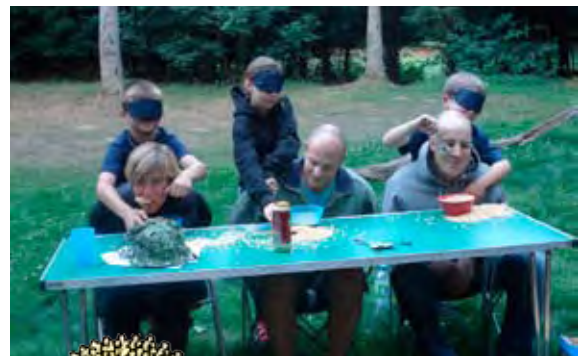
▼ “Feeding Time”
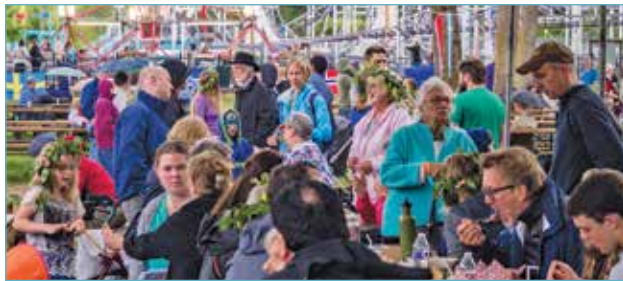
Residents of nearby neighborhoods have easy access to amenities like Oaks Amusement Park.
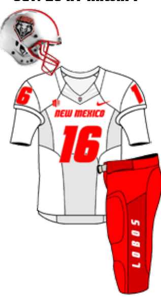
nov. 26 vs. wyoming
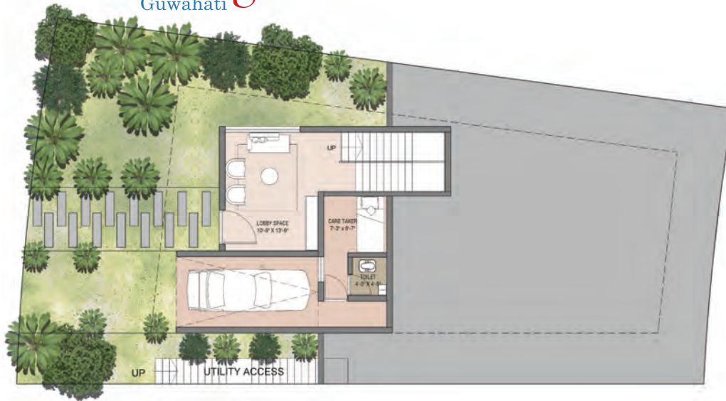
UP HILL- LEV 00 - 516 SFT
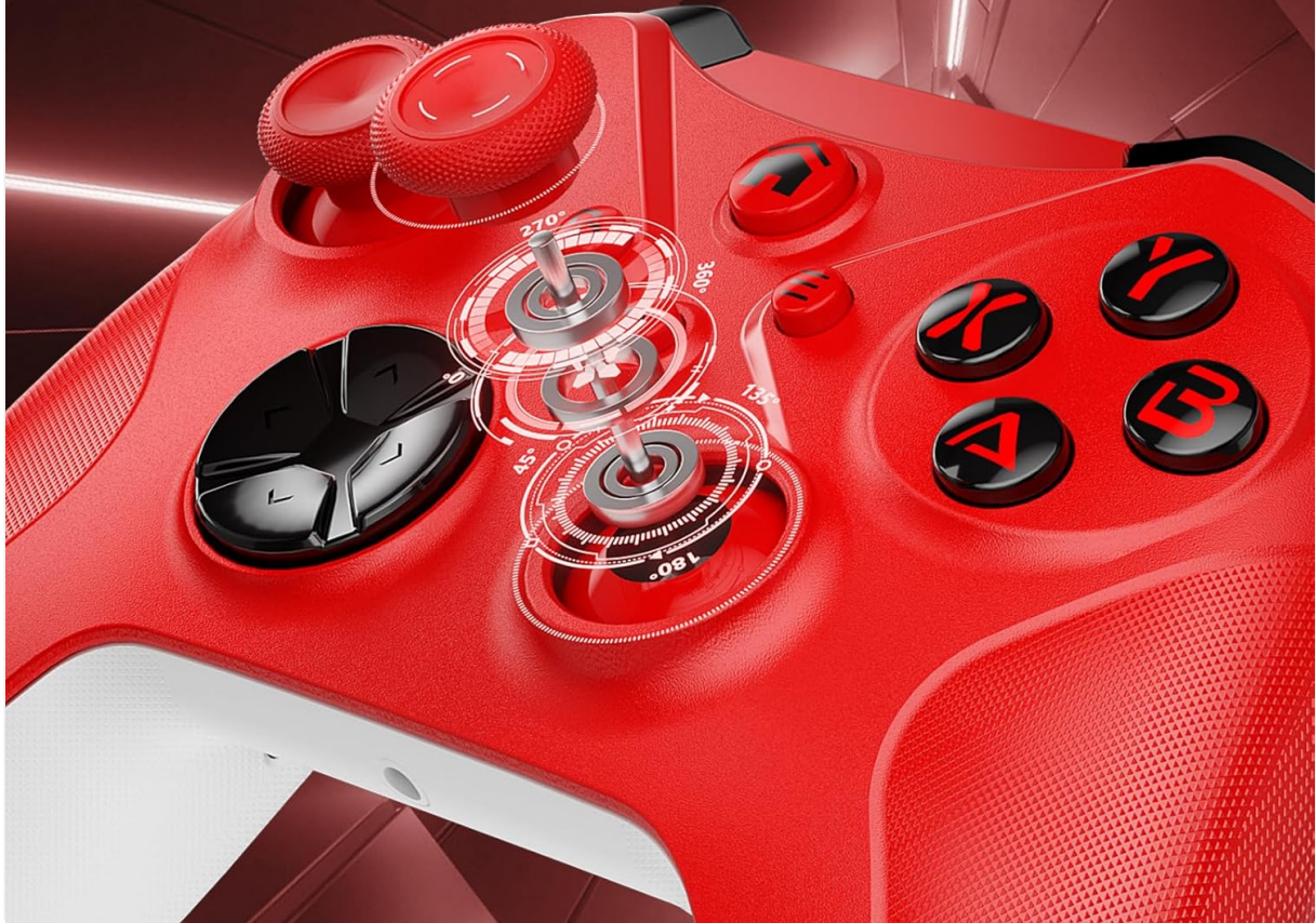
Figure 4.1: Hall Effect Joysticks for precise control.

Zero delay, 360° response without interval, the game is fast and accurate
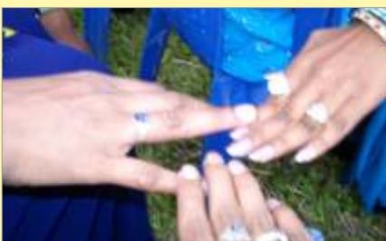
REVA rings shine in the hands of Graduates
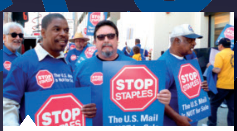
LOS ANGELES, CALIFORNIA
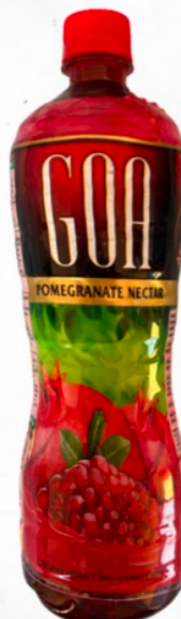
POMEGRANATE NECTAR 1L
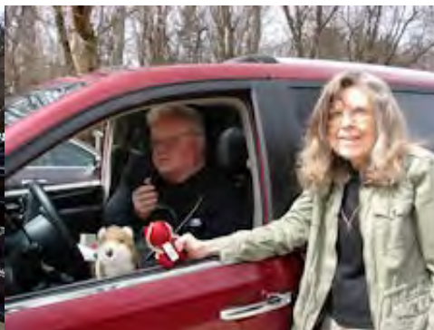
Fox K9NR is found by winner K9QT
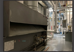
Existing gas-fired unit left in place; available as back-up
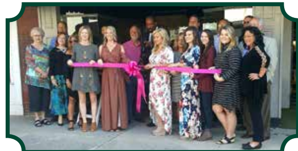
We love opening great new businesses in Downtown South Boston!

Assisted the South Boston Farmers Market .
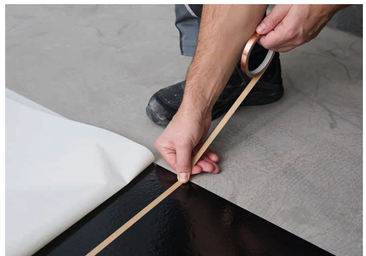
2) Bond the copper strip
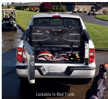
Lockable In-Bed Trunk.
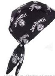
No bandanas No gang attire, no "colors"

§ **What the exercise asks**
Leave every picture out and write out, word for word, the lines from the one that contains "Fox K9NR is found by winner K9QT" through the last line of the records.

§ **Response below**
Fox K9NR is found by winner K9QT
Existing gas-fired unit left in place; available as back-up
We love opening great new businesses in Downtown South Boston!

Assisted the South Boston Farmers Market .
2) Bond the copper strip
Lockable In-Bed Trunk.
No bandanas No gang attire, no "colors"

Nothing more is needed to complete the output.